A Pocketful of Crows written by Joanne M. Harris
Cover by Sue Gent
Illustrations by Bonnie Helen Hawkins
Published by Gollancz in October 2017
233 pages in hardback
a fierce story of love, death and natural magic
A reader’s perspective
Gollancz have produced a beautiful book – the cover is black with gold design work by Craig Fraser and art by Sue Gent. This gives it a richly Gothic feeling. The illustrations by Bonnie Helen Hawkins (who sounds like she should be in a ballad herself) are in exquisitely detailed pencil. There are delicate vignettes of the natural world throughout, and twelve full page images.
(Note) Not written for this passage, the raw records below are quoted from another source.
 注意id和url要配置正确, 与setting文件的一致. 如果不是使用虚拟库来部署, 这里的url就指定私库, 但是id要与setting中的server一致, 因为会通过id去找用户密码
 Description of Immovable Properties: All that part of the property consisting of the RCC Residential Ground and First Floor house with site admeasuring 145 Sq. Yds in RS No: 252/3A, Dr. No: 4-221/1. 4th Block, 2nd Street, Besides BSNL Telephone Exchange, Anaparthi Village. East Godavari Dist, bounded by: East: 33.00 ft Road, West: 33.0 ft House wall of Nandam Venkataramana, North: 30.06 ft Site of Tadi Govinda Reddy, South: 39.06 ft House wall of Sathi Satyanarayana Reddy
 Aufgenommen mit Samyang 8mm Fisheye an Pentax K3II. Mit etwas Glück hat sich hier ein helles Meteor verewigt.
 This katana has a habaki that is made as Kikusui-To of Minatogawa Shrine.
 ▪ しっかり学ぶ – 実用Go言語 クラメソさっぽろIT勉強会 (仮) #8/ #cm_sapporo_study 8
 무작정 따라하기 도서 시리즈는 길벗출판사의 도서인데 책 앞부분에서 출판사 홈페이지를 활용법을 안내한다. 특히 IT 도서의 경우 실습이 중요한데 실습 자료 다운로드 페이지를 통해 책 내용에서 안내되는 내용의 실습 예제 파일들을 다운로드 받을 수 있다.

This mixture of the dark and the natural world, the fairytale and the human beautifully mirrors the story itself. There are moments of dread and deceit, shadowy magic and motives – and those of love for the natural world. If you delight in the turning of the seasons and small moments of wonder at plants and weather and creatures, then there is much to revel in here.
The story is loosely based on The Brown Girl – an old ballad. It has that out-of-time quality which belongs to the best folk songs and stories. And like many such ballads, it features love and death and the supernatural. They rarely end well.
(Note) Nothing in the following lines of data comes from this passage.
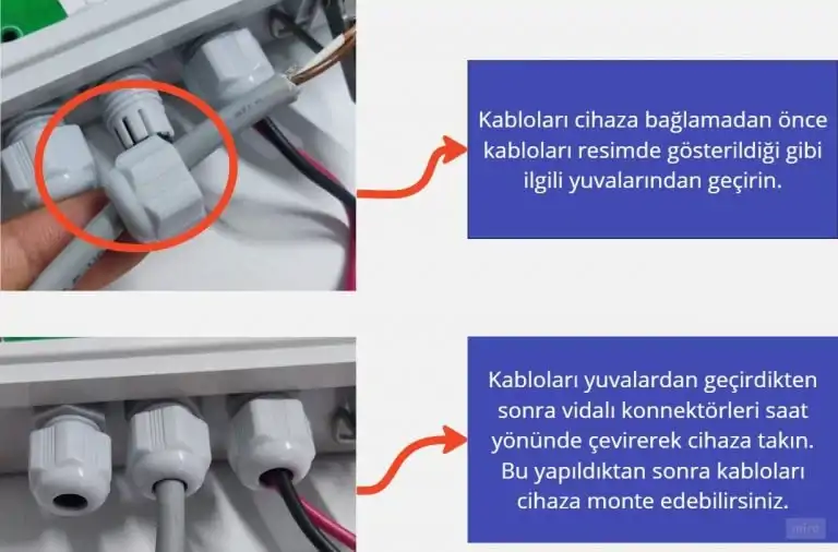 2. Kablolama yaparken, kabloları yukarıda kırmızı daire içinde gösterilen kablo yuvalarına doğru şekilde geçirmeye özen gösterin. İlgili bağlantı noktalarını ve kablo yuvalarını belirleyin. Bu noktalar genellikle cihaz üzerinde numaralandırılmış veya işaretlenmiş olabilir. Kabloları kablo yuvalarına doğru şekilde yerleştirin ve sıkıca bağlayın. Bağlantıların sağlam olması ve kablonun düzgün bir şekilde oturması önemlidir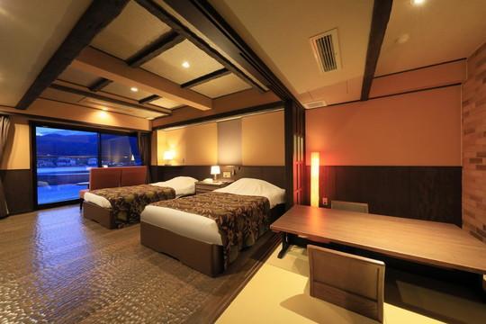 노천탕이있는 프리미엄 일본식 모던 룸 "촛리 (산리)"는 메이크업 아티스트 프로듀스의 라이트를 얽힌 객실 세면대와 후지 요시다시의 전통 유산 카이 실크 장인이 만드는 잠옷과 작무의 , 침대 덮개를 갖춘 최고 공간. 야마나시산의 와인이나 스파클링 와인, 파티시에가 만드는 소과자를 즐길 수 있는 전용 라운지도 이용할 수 있어, 특별한 날의 숙박에 딱 맞습니다.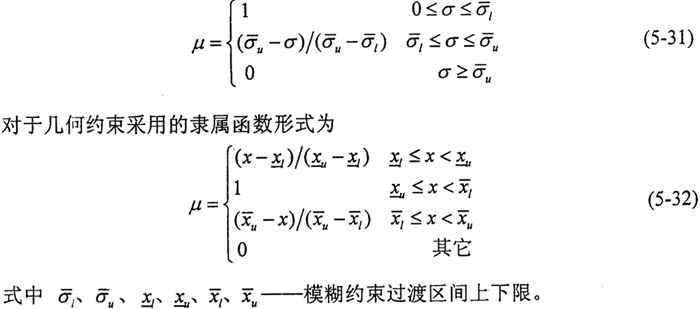 5.4.3.2隸屬函數(shù)及容差的確定 模糊約束的隸屬函數(shù),應(yīng)根據(jù)約束的性質(zhì)來具體確定,為簡(jiǎn)便計(jì)算,本文均采用線性嫦娥屬函數(shù),對(duì)于性能約束采用的隸屬函數(shù)形式為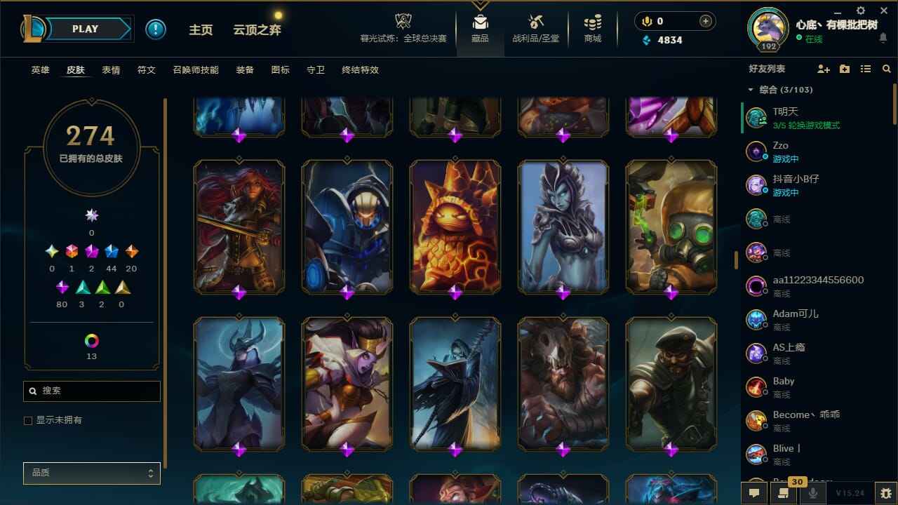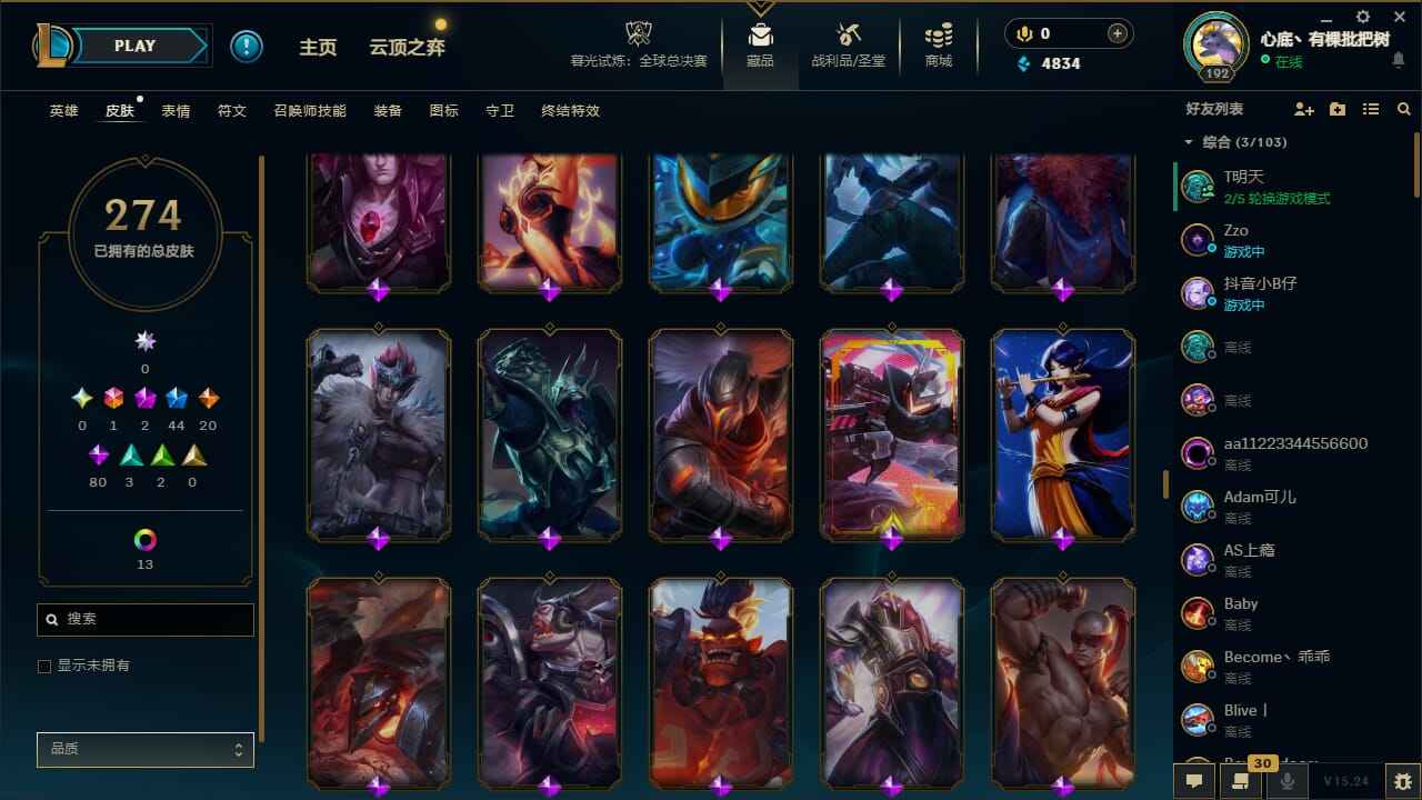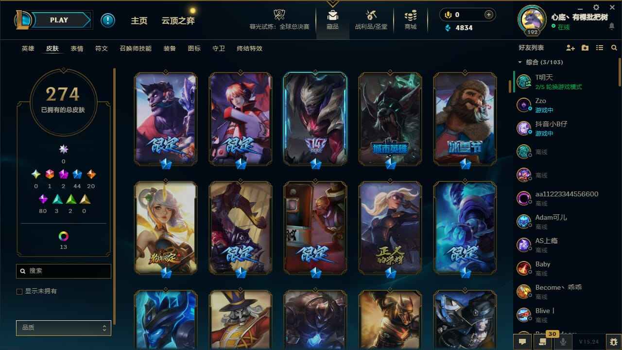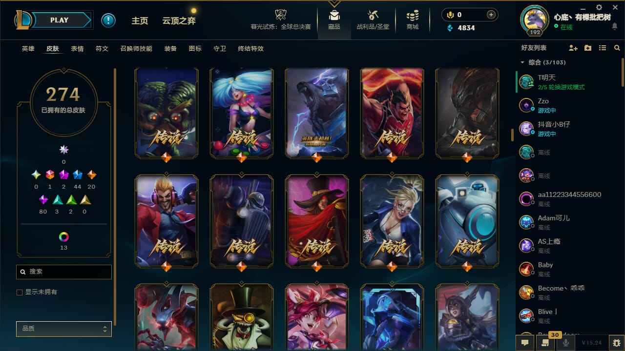 【184378】[14896683]LM421/黑色玫瑰/单双排段位:荣耀黄金 英雄数量:139 皮肤数量:274 炫彩数量:18 臻彩数量:1 神话数量:2 云顶神话数量:0 游戏点卷:0 神话精粹:70 蓝色精萃:4834 橙色精粹:22123 钥匙:0 宝箱:62 【重要头像】爱意绵绵 幼犬沃里克 【重要皮肤】庆典女皇艾尼维亚 玉剑传说舞剑仙 春晖神女拉克丝 胜利之树茂凯 胜利女神奥莉安娜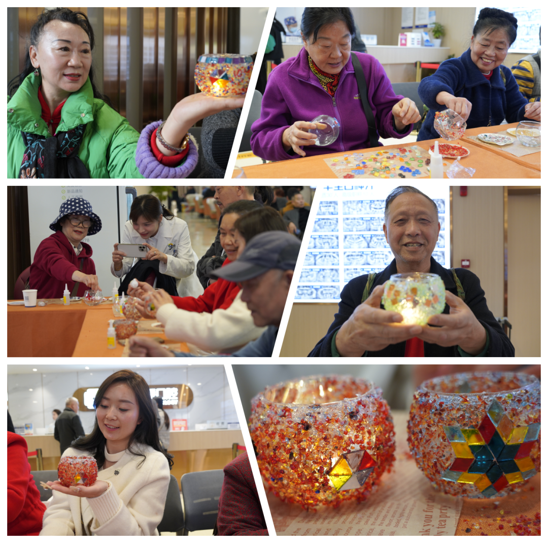制作過程中,每位參與的顧客都充分發揮了自己的創造力和想象力。他們通過設計、拼貼、上膠等工序,將一顆顆彩珠和一塊塊彩色琉璃小磚精心粘貼在玻璃燈罩上,讓原本透明的燈罩瞬間煥發出浪漫而絢麗的光彩。來參加活動的甄阿姨開心的說:“來新橋口腔參加活動我真的很開心,我在這里不僅種好牙,還能學習制作精美的工藝品,同時鍛煉了我們的動手動腦和思維能力,又有益于身心健康,真的很不錯!”
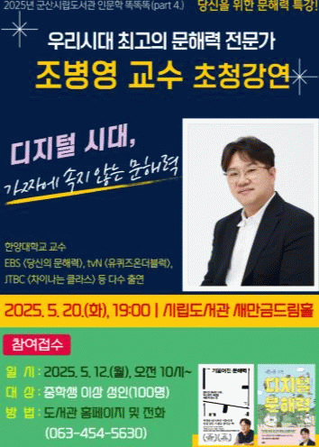이에 발맞추어 군산시립도서관은 5월 20일 오후 7시 조병영 교수를 모시고, '디지털 시대, 가짜에 속지 않는 문해력'이라는 주제로 특별 강연을 개최한다.

For a fiercely sung version of the song, try this:
I’d highly recommend A Pocketful of Crows for teens and older readers who relish ill-fated love, vengeance and enchantments. If they also enjoy well-crafted writing with an undercurrent of mythology, then so much the better. It would not look out of place next to some Frances Hardinge, Neil Gaiman or Margo Lanagan.
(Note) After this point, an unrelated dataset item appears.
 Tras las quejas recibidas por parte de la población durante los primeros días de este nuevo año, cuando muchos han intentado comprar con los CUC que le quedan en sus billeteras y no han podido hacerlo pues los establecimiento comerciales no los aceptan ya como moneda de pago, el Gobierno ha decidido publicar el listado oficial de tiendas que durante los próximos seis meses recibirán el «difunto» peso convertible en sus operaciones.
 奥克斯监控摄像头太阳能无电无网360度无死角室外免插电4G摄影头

(You can try a taster on the Gollancz website.)
A Writers View
Here are some aspects to admire
- using a Child Ballad (No. 295) as a source – no end of material there
- folklore quotations at the start of sections – which bear on what follows
- precise portrayals of the natural world
- the physical world being imbued with magic
- largely simple language, yet used like poetry – or lyrics
- the almanac structure of May Eve to May Eve
- circularity and completion in the narrative
I hope to learn from these – to understand how to bring in my enthusiasms to deepen a story – and how to use structure lightly. There is a mass of wondrous material in the folklore of the British Isles, which I love and want to share. As for the natural world, it is full of everyday marvels. It’s the interlacing of all the above into a wreath of words that I hope to emulate. I look forward to Joanne Harris’s next journey into the worlds of Folklore and Fairytale.